The Candidacy Framework

Candidacy is best understood as a conceptual framework, model or construct that identifies distinct factors – spheres of experience – that influence the behaviour of individuals, service professionals and systems at all points on the access route to services. This is an emerging concept and is still being refined through academic research (see Mackenzie et al). In order to arrive at a working model, the following construct is used in this report. This adheres to the dynamic Dixon-woods model but tries to anticipate more recently suggested refinements, whilst also taking into account the need to develop a workable model that can be applied to the research methodology.

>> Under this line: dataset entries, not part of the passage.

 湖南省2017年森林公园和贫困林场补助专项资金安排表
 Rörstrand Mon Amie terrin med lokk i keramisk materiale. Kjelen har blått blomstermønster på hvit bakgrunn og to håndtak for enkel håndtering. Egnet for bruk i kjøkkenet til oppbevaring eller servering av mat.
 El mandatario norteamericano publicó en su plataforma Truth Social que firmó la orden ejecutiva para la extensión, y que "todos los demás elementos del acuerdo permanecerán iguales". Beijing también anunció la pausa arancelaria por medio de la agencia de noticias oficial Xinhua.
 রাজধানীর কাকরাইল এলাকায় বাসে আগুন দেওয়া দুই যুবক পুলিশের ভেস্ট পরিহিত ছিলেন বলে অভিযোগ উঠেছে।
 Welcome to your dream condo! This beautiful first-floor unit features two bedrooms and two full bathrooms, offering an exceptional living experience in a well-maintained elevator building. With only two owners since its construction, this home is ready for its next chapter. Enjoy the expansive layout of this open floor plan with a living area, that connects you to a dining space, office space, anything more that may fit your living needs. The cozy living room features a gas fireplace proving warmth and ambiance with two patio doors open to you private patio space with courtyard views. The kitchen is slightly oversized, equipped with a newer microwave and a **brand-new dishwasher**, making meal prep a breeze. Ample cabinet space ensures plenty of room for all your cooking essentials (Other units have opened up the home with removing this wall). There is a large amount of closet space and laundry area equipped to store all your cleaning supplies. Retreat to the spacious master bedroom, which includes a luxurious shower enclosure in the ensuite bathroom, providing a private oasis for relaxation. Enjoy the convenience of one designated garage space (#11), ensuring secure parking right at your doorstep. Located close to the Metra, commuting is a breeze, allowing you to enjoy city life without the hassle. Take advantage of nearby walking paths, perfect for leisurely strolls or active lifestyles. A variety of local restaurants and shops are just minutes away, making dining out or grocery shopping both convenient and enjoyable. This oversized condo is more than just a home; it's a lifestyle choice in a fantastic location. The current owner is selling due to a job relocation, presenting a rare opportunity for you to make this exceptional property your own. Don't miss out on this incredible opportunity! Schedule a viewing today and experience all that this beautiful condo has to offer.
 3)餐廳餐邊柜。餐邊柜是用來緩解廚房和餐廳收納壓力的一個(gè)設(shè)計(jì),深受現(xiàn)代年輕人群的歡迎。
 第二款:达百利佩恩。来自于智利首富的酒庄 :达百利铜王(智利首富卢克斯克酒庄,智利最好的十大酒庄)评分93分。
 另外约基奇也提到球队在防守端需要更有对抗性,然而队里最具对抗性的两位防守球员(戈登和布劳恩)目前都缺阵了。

Candidacy can be considered from the following six dimensions:

  1. Identification – how people recognise themselves as needing a service “People may be highly sensitive to perceptions of their behaviour by professionals and others. Many help¬seeking studies show that people’s fear of identity threats influences their decisions to seek help for medical problems and their interaction with health services. Their need to protect their identity – as rational, non¬neurotic, non¬hypochrondriacal, responsible users of health services – may mean that they delay help¬seeking” Dixon Woods, 2006
  2. Navigation – awareness of the services on offer and the practicalities of accessing those services (including transport and physical accessibility)
  3. Permeability – the ease with which people can use services (Ie do people have to be referred? Is it a drop¬in service?)
  4. Presentation – the ability to self¬present, communicate and articulate the ‘need’ or issue; relates also to the ability to voice concerns about the standard of service if those needs are not met. This category also makes provision for political rationing, which covers the ability of individuals and groups to use political or other mechanisms to increase their access to services when competing demands and claims on a service mean more likelihood of the rationing of that service.
  5. Professional adjudication – professional perceptions that may disadvantage certain people. This refers to the construction of the individual as ‘deserving’ or ‘undeserving’ and involves moral and social judgements on the part of the  “service professional”, or gatekeeper.
  6. Operating Conditions – Candidacy is subject to multiple levels of influence at the societal and macro levels, depending on the political, economic and environmental context at the time of presentation.

According to Mackenzie et al, Candidacy should be seen as a cyclical process, with different interactions embedded in their meso and macro contexts, rather than as a dynamic journey where each part of the process is contingent on another. Attention is drawn by Mackenzie et al to the multiplicity of layers of complexity inherent in some of these dimensions. Specifically:

  • Multiple candidacies are possible for some individuals and these can be in conflict with each other.
  • Hierarchical structures within services can dictate outcomes: “Some services operate within explicitly hierarchical systems that structure the decisions of individuals in iniquitous ways” Mackenzie et al, 2012
  • Candidacy can be depressed or refuted at a political, institutional or professional level. Service provision can be structured in such a way that it entrenches iniquitous service access.

The report accounts for these refinements as they become relevant to the issues discussed in the Findings section below.